For months the internet has been breaking down “Breaking Bad”, the landmark television drama which comes to an end this Sunday.
What more really needs to be said about the greatest tv drama of all time (no argument)? What new perspective can anyone possibly offer on the deconstruction of Walter White?
Well, probably none. That being said, here’s my final, personal take on the man they call Heisenberg: This all could have been avoided.

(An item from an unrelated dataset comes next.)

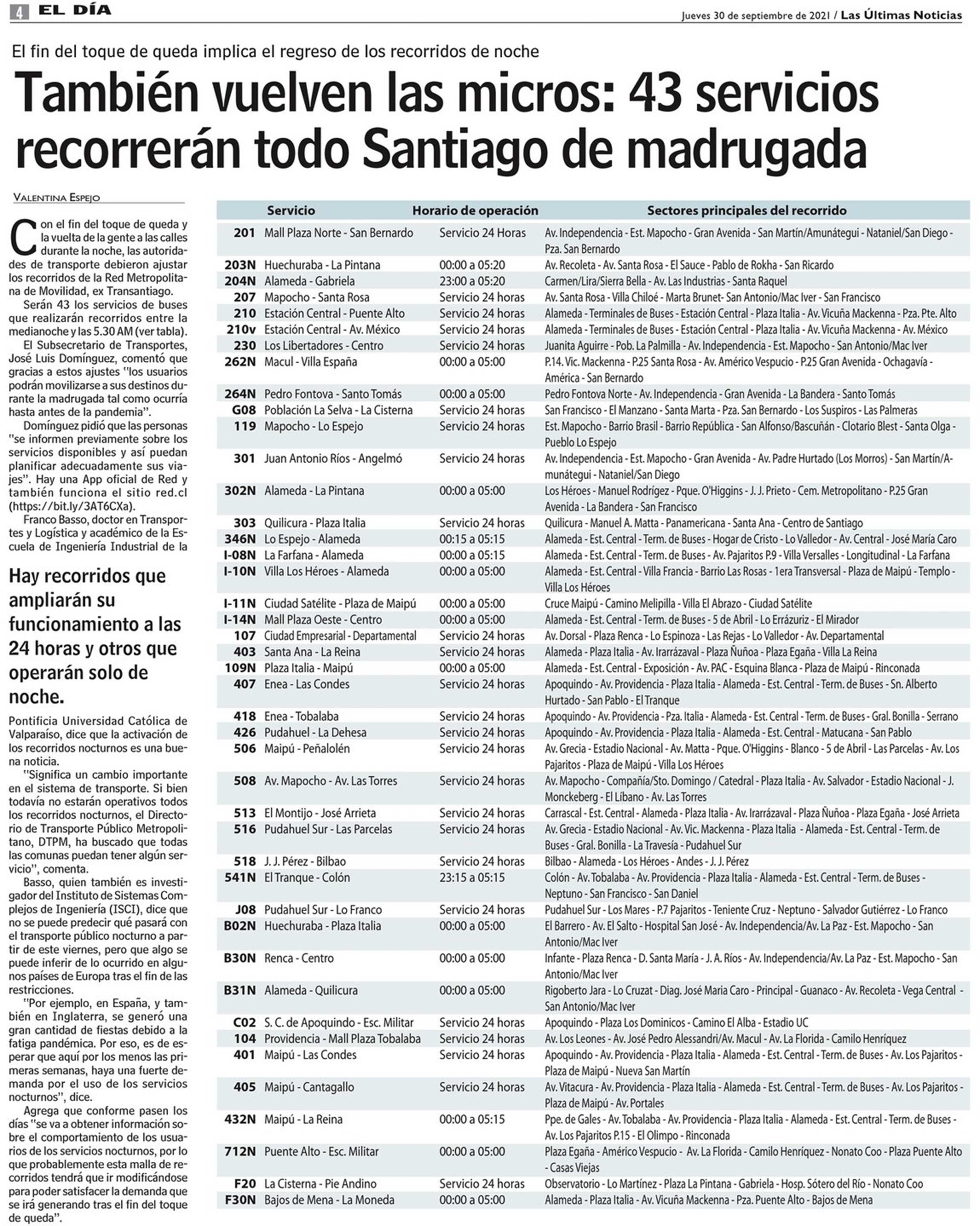 También vuelven las micros: 43 servicios recorrerán todo Santiago de madrugada 30-09-2021 Las Últimas Noticias |

If only someone had handed Walter a copy of Ecclesiastes! If he could have read how the pursuits of this world are meaningless, maybe he could have been saved!

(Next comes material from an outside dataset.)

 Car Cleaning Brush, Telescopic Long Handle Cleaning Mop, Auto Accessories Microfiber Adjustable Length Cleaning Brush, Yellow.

Yeah, maybe not. Perhaps his pride was too great a barrier. Perhaps his memory had done what my friend Sean Taylor talked about in an excellent post on his blog: rebuilt the truth in his head about what his family needed of him.
All along as he’s traveled from cancer-stricken Chemistry teacher to murderous drug kingpin, Walter White believed he committed all his crimes for his family.
What’s been revealed over the final season though is Walt has always been in the game for himself. His greatest sin has always been pride.
As he made one last desperate cry to his son in the penultimate episode, Walter White’s true character bled through his deteriorating body.
Go back and watch the final scene where Walt calls Walt Jr. A.K.A. Flynn from a payphone somewhere deep in New Hampshire. Walt begs his son to buy into his scheme to send the family $100,000 (a meager sum compared to the mega millions he accumulated at one point).
Not once in the course of the phone call does Walt apologize for all he put his family through. He doesn’t apologize for abandoning the family. He doesn’t apologize for the death of Uncle Hank. He doesn’t apologize for wrecking his family’s life.
Walter White, at his withering core, somehow still believes his hideous actions were justified. He pride deafens him from what his family tried to say for the past year.
His family never needed his money. They never had money in the first place. Skyler and Holly and Flynn are getting by just fine 6 months after Walt’s disappearance without any of his blood money.
What Walter White’s family needed all along was the one thing he refused to give: they needed him. They needed a father and a husband, even one battling cancer who could no longer provide for them.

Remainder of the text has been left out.